DeepSeek V4 API Pricing Guide 2026: Flash vs Pro Cost Comparison, Cache Hit Math & Setup
TL;DR: DeepSeek V4 Flash costs $0.14/M input tokens on the official API — roughly 18× cheaper than GPT-5.4 and 36× cheaper than Claude Opus 4.7 on input tokens. Prompt caching cuts that to $0.0028/M on repeated context — a 98% discount. V4 Pro costs more ($0.435/M input, currently 75% off) for the strongest reasoning performance. If you want to skip the Chinese phone number requirement and use a single API key for all your models, ofox.ai carries both models at competitive pricing.
What Is DeepSeek V4 Flash?
DeepSeek V4 Flash is DeepSeek’s current flagship model, offered alongside the more capable V4 Pro. Both models support a 1M token context window — the largest among mainstream API providers — and can generate up to 384K output tokens in a single response. The older model IDs deepseek-chat (standard mode) and deepseek-reasoner (thinking mode) currently map to V4 Flash, but DeepSeek has announced these legacy IDs will be deprecated in the future with no firm date.

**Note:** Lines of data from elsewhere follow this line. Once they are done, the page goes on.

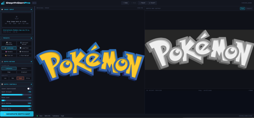 Previous depth map tools — including DepthGen’s own earlier version — applied an incorrect luminance formula. v2.1 now uses the ITU-R BT.709 standard for perceptual luminance (0.2126R + 0.7152G + 0.0722B), which is the same formula used by professional color science tools. This means your depth maps are perceptually accurate — shadows and highlights land exactly where they should for engraving.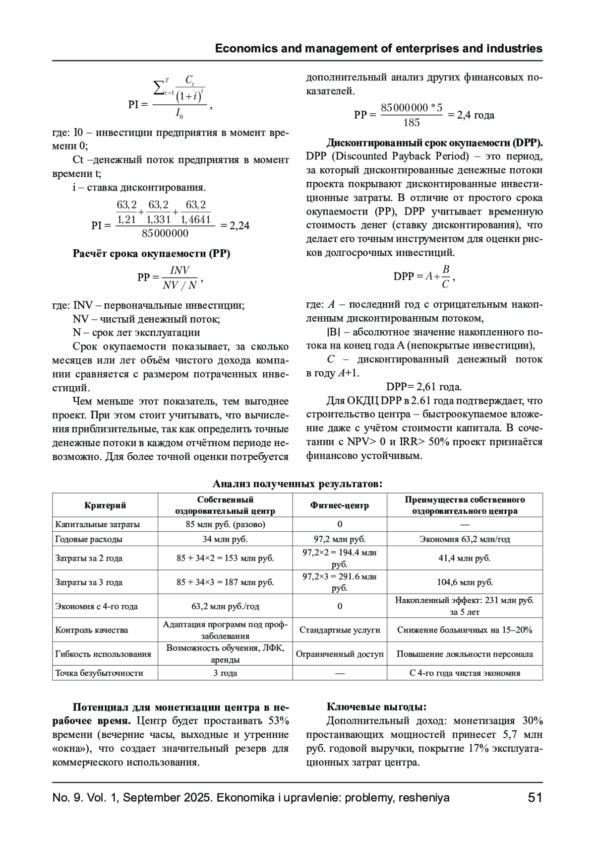 Цель исследования - выполнить сравнительный анализ экономической целесообразности повышения качества жизни сотрудников отраслевого клинико-диагностического центра ПАО Газпром посредством строительства собственного оздоровительного центра или оплаты годового абонемента в фитнес центре. Собственный оздоровительный центр для медицинского персонала становится экономически выгодным на третий год, обеспечивая значительную экономию по сравнению с оплатой фитнес-абонементов. Помимо финансовых преимуществ, он позволяет эффективно решать задачи профилактики профессиональных заболеваний и повышения качества жизни сотрудников. Результаты были получены при помощи сравнительного анализа между собственным оздоровительным центром и годовым абонементом сети фитнес-центров World Class. Собственный центр в 2,8 раза выгоднее фитнесабонементов в долгосрочной перспективе. Монетизация простоя добавляет 5,7 млн. руб. годовой прибыли, что ускоряет окупаемость и трансформирует центр в пассив (дополнительный доход с помещений).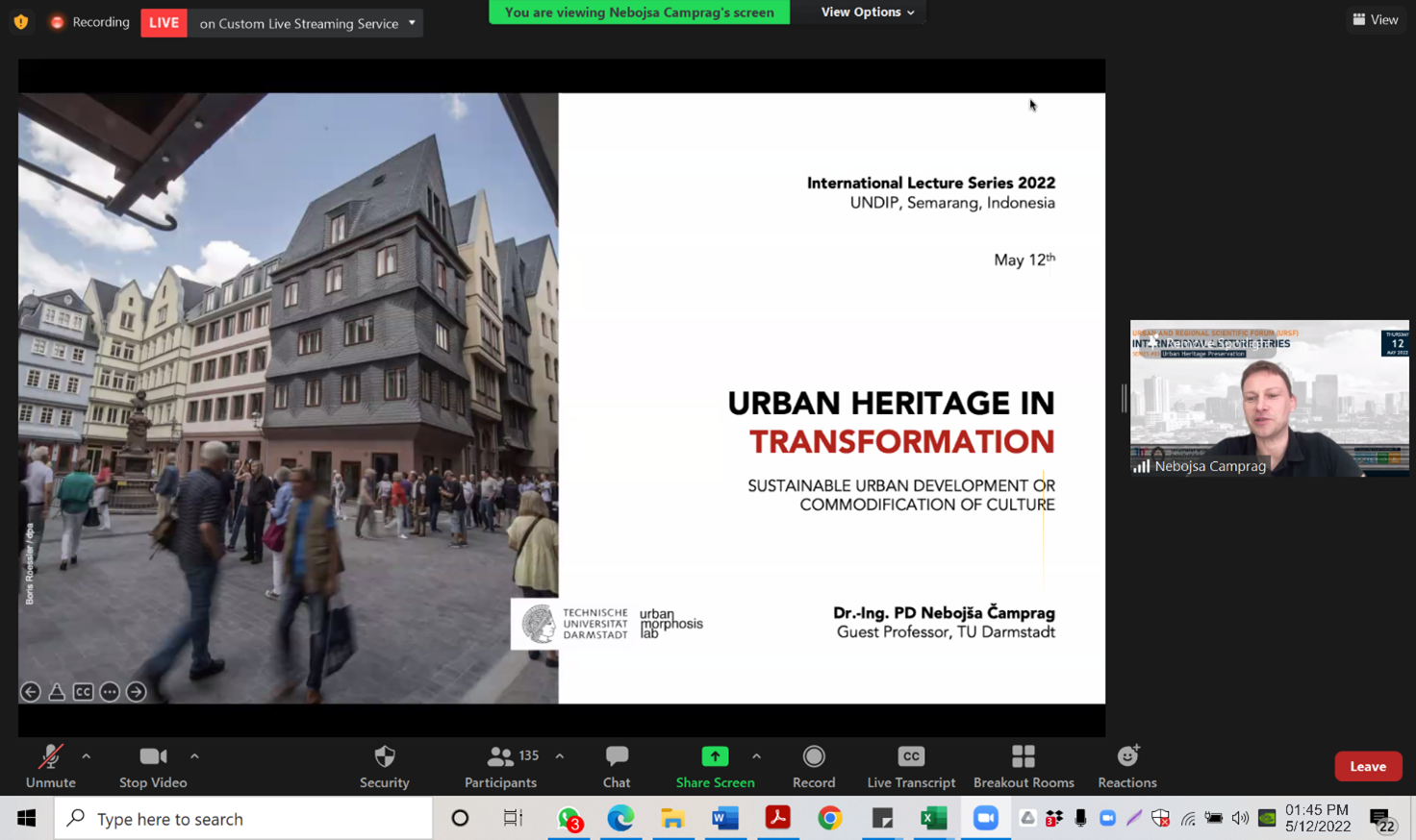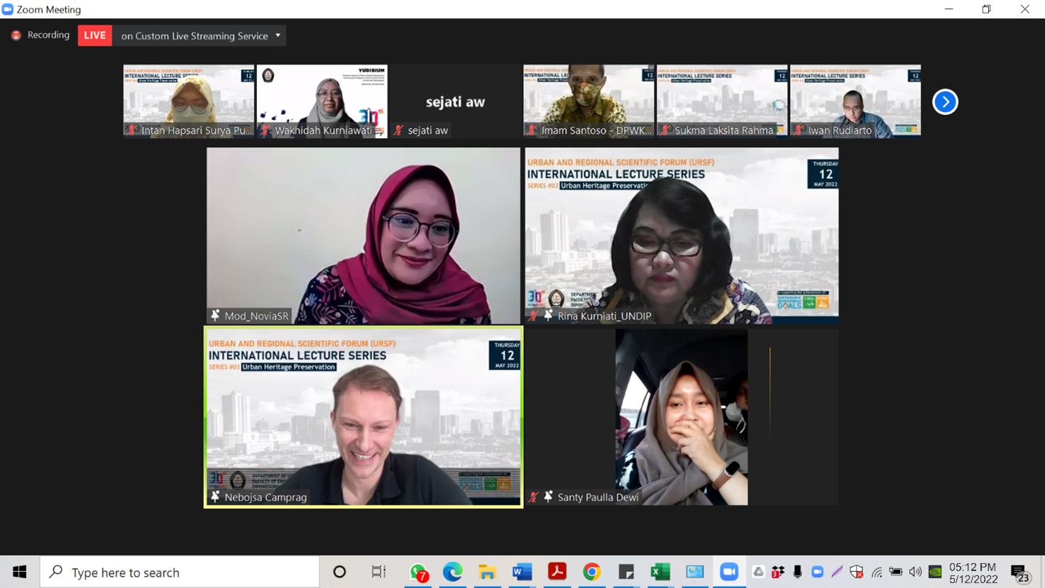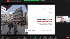 Pada hari Kamis, 12 Mei 2022 telah dilaksanakan kegiatan International Lecture Series 2022 seri ketiga dengan tema Urban Heritage Preservation secara daring via Zoom dan disiarkan melalui kanal Youtube. Tema kegiatan kali ini secara umum dapat terkait dengan Tujuan Pembangunan Berkelanjutan 3 (Kehidupan Sehat dan Sejahtera), dan Tujuan Pembangunan Berkelanjutan 11 (Kota dan Komunitas Berkelanjutan). Pada kesempatan tersebut, Dr.-Ing. PD Nebojša Čamprag dari International Urbanism, Faculty of Architecture, Technische Universität Darmstadt, Germany memberikan paparan tentang “Urban Heritage in Transformation: Sustainable Urban Development or Commodification of Culture”. Paparan dari Dr.-Ing. PD Nebojša Čamprag kemudian dilanjutkan oleh Dr. Rina Kurniati dari Departemen Perencanaan Wilayah dan Kota tentang penelitian beliau yang berjudul “Climate Sensitive Urban Design in The Public Space of Heritage Preservation Area”. Catatan penting dalam paparan tersebut ialah sustainable heritage tidak hanya dilihat dari konteks fisik saja, namun juga meliputi konteks budaya dan pelilbatan komunitas lokal yang sejalan dengan Tujuan Pembangunan Berkelanjutan. Selain itu, tantangan dalam mewujudkan sustainable heritage salah satunya terkait dengan perubahan iklim yang dapat mempengaruhi kondisi kawasan heritage di masa depan. Sesi diskusi berjalan dengan baik ditinjau dari tingginya antusiasme peserta kegiatan dalam mengajukan pertanyaan dan tanggapan terhadap paparan yang telah disampaikan oleh para pemateri. Kegiatan International Lecture Series seri kedua dimoderatori oleh Ibu Novia Sari Ristianti, MT dengan jumlah peserta mencapai 160 peserta khususnya dari dosen, mahasiswa program S1 dan S2 Perencanaan Wilayah dan Kota, Universitas Diponegoro.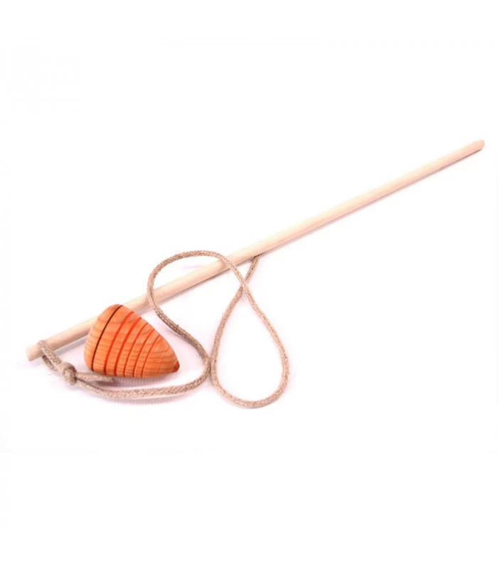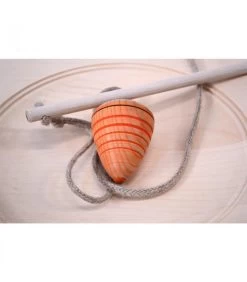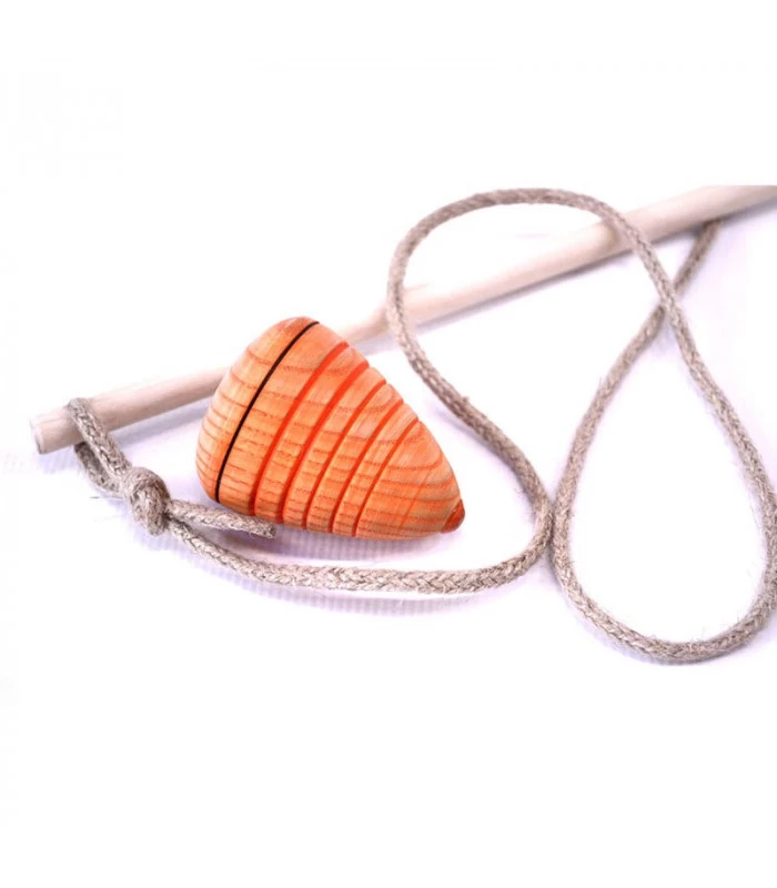 Historische houten gyro-tol aangedreven door een zweep voor in de open lucht, in een traditionele vorm gemaakt van essenhout. De tol wordt in assortiment geleverd in een aantal uni-kleuren. Helaas weten we niet welke wij krijgen, dus de kleur is een verrassing.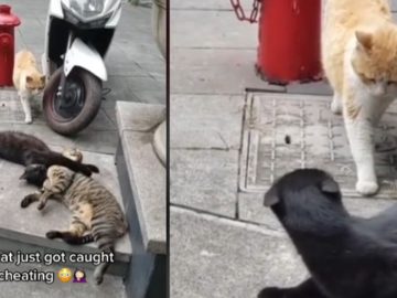 A funny video has surfaced showing a cheater cat caught red-handed with another cat – a rival, no less. The hilarious clip captures a black...
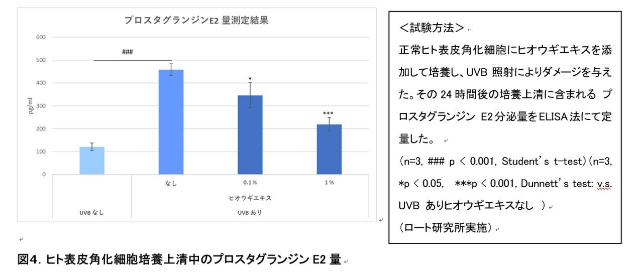 3) UVBダメージで上昇するプロスタグランジンE2の産生をヒオウギエキスが抑制することを確認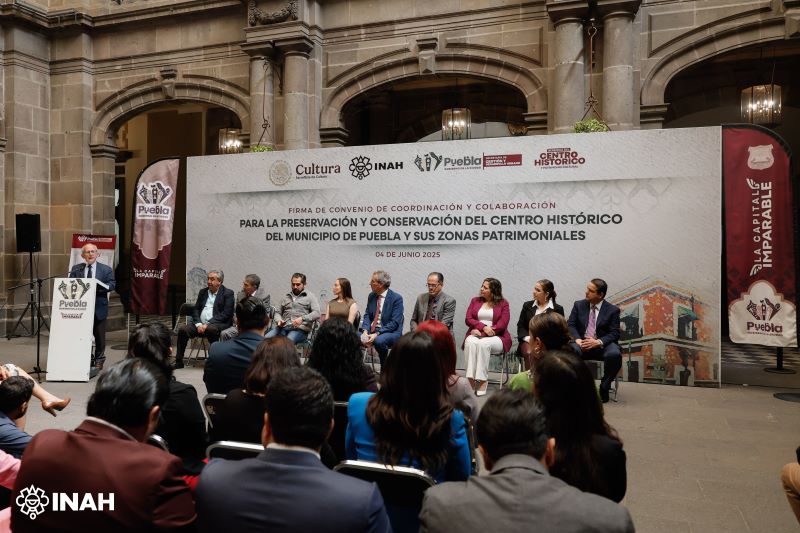 Puebla de Zaragoza, Pue.- La Secretaría de Cultura del Gobierno de México, a través del Instituto Nacional de Antropología e Historia (INAH), y el Ayuntamiento de Puebla signaron un convenio coordinación y colaboración, con el objetivo establecer mecanismos para la salvaguarda y conservación del patrimonio edificado del Centro Histórico y zonas patrimoniales municipales.

V4 Pro adds configurable reasoning depth for complex multi-step problems, making it the choice for math, coding competitions, and research tasks where you’re willing to pay more per token for better results. V4 Flash handles the vast majority of everyday tasks — summarization, classification, chat, and routine coding — at a fraction of the cost.
Official DeepSeek API Pricing
The official DeepSeek API (platform.deepseek.com) offers two current models:
| Model | Mode | Input (cache miss) | Input (cache hit) | Output | Context | Max Output |
|---|---|---|---|---|---|---|
deepseek-v4-flash | Standard + Thinking | $0.14/M | $0.0028/M | $0.28/M | 1M | 384K |
deepseek-v4-pro | Advanced reasoning | $0.435/M | $0.003625/M | $0.87/M | 1M | 384K |
V4 Pro pricing reflects a 75% discount promotion extended until 2026/05/31 15:59 UTC. Without the discount, V4 Pro would cost $1.74/M input and $3.48/M output.
The 98% cache discount on V4 Flash is automatic: DeepSeek’s API applies it whenever a prefix of your prompt matches a previously cached version. You don’t need to configure anything. On V4 Pro, cache hits save even more in absolute dollars.
How to Get a DeepSeek API Key
Sign up at platform.deepseek.com with an email address. No Chinese phone number is required for the API platform (unlike the consumer app). Once logged in, go to API Keys and generate a key.
The base URL is https://api.deepseek.com and the API is OpenAI-compatible, so you can drop it into any OpenAI SDK call by changing base_url and api_key.
One practical issue: DeepSeek’s platform has had intermittent availability problems during high-demand periods. If you’re building something production-critical, it’s worth having a fallback.
Access DeepSeek via ofox
ofox.ai carries DeepSeek V4 Flash as deepseek/deepseek-v4-flash at $0.14/M input and $0.28/M output — matching the official API pricing. V4 Pro is also available as deepseek/deepseek-v4-pro at $1.74/M input and $3.48/M output. The practical advantage is a single API key that also covers Claude Opus 4.7, GPT-5.4, Gemini 3.1 Pro, Qwen3, and 50+ other models. No separate accounts, no separate billing.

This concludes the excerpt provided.